Saved data entries:
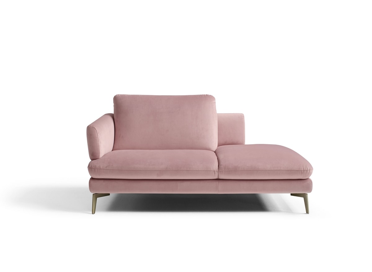 Fabric or leather dormeuse very versatile in size, with great attention to detail, "soap-bar"-shaped seats, typical of pillows, which come out of the armrest making the side of the model unique in its kind. With a high-end finish and special horseshoe stitching on the armrest.
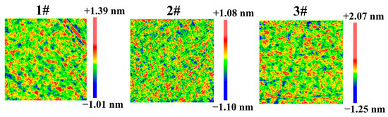 For the deep-ultraviolet (DUV) laser-induced damage threshold test, the surface roughness of the test material significantly influences the experimental outcomes. To objectively evaluate the influence mechanism of impurities on laser resistance properties, each CaF2 crystal underwent the same precision mechanical polishing process. The surface roughness of three test samples was characterized using a surface profiler with an accuracy of 0.2 nm (New View 8050), as shown in Figure 2. The surface roughness of each test sample was observed to be essentially identical, with RMS values all controlled under 0.3 nm (as shown in Table 1).
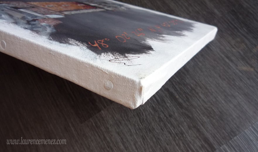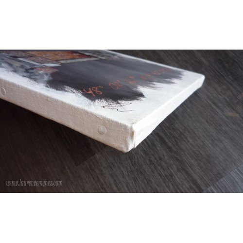 - La toile est tendue sur un châssis bois, ses bords sont peints en blancs, la toile est donc prête à être accrochée au mur.
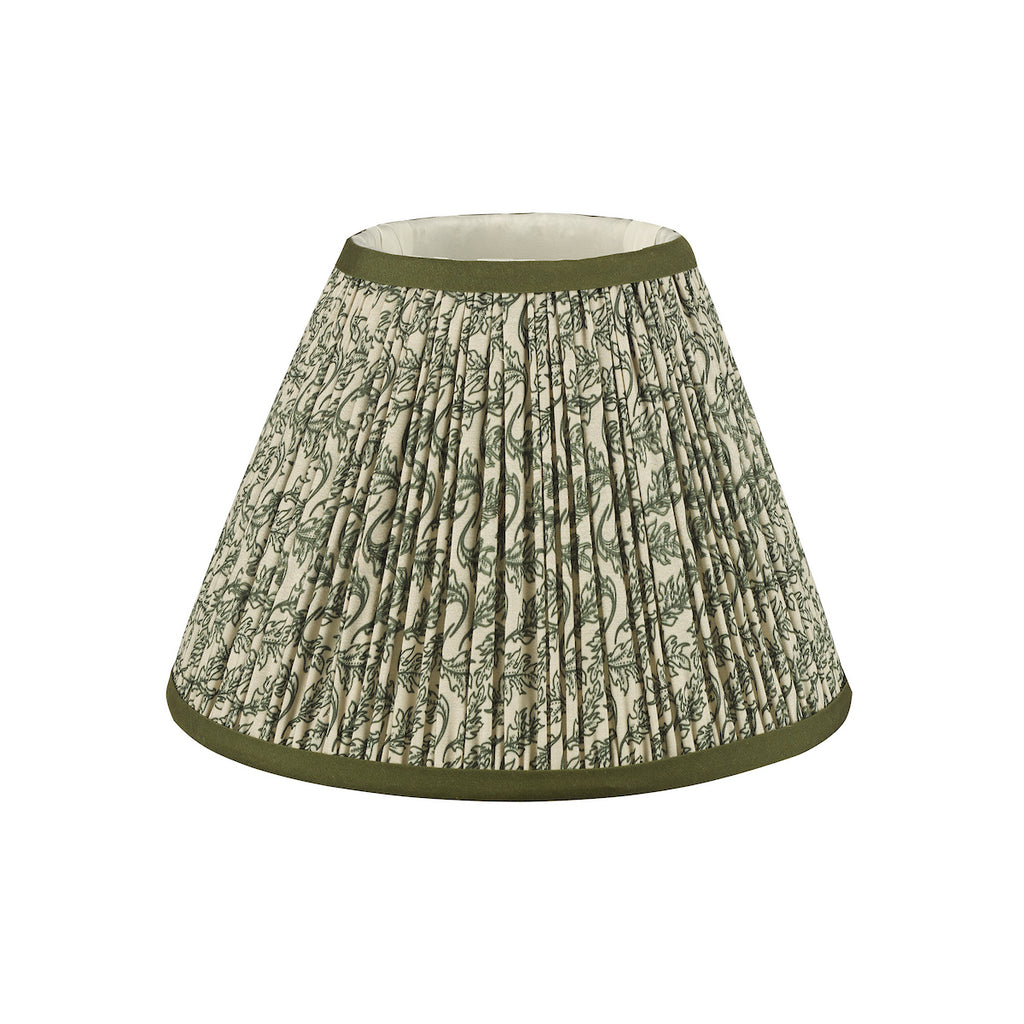 Esther Green Cotton Empire Shade 25cm - The Esther shade adds a touch of heritage charm to any interior, blending subtle pattern with timeless appeal. Made from a cotton-rich fabric and finished with a neat taped edge, it features a soft neutral background with a delicate leaf motif that suits both traditional and modern country schemes.
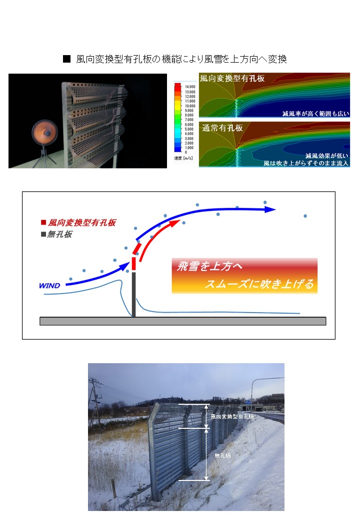 1)既設吹き止め柵の一部に改良を加えるだけで高い防雪効果を発揮する。
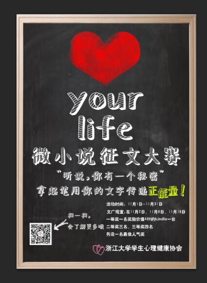 浙江大学学生心理健康协会希望借这次活动为你搭建一个平台,用文字唤醒那些人心底最纯朴的“自爱”的意识,传递“热爱生命”的正能量!
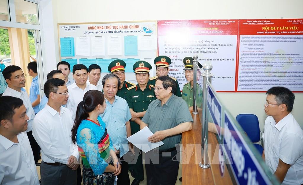 Thủ tướng Phạm Minh Chính yêu cầu Trung tâm hành chính xã Bát Mọt nói riêng và các Trung tâm hành chính công cấp xã ở Thanh Hóa tiếp tục đẩy mạnh tích hợp, liên thông dữ liệu; đẩy mạnh phong trào bình dân học vụ số, hướng dẫn người dân về chuyển đổi số, qua đó thúc đẩy hình thành công dân số, tạo phong trào xu thế, thói quen cho người dân trong chuyển đổi số và làm thủ tục trực tuyến, từ đó giảm thời gian đi lại, giảm chi phí tuân thủ cho người dân, nhất là với vùng sâu, vùng xa. Đồng thời, cần tiếp tục hoàn thiện hạ tầng công nghệ số, khắc phục các điểm lõm sóng, lõm điện.

**WORK REQUEST:** Pictures are to be left out. Write out only the lines above starting at the one with "For the deep-ultraviolet" and ending at the one with "- La toile est", both lines included, exactly.

**ANSWER BOX:**
 For the deep-ultraviolet (DUV) laser-induced damage threshold test, the surface roughness of the test material significantly influences the experimental outcomes. To objectively evaluate the influence mechanism of impurities on laser resistance properties, each CaF2 crystal underwent the same precision mechanical polishing process. The surface roughness of three test samples was characterized using a surface profiler with an accuracy of 0.2 nm (New View 8050), as shown in Figure 2. The surface roughness of each test sample was observed to be essentially identical, with RMS values all controlled under 0.3 nm (as shown in Table 1).
 - La toile est tendue sur un châssis bois, ses bords sont peints en blancs, la toile est donc prête à être accrochée au mur.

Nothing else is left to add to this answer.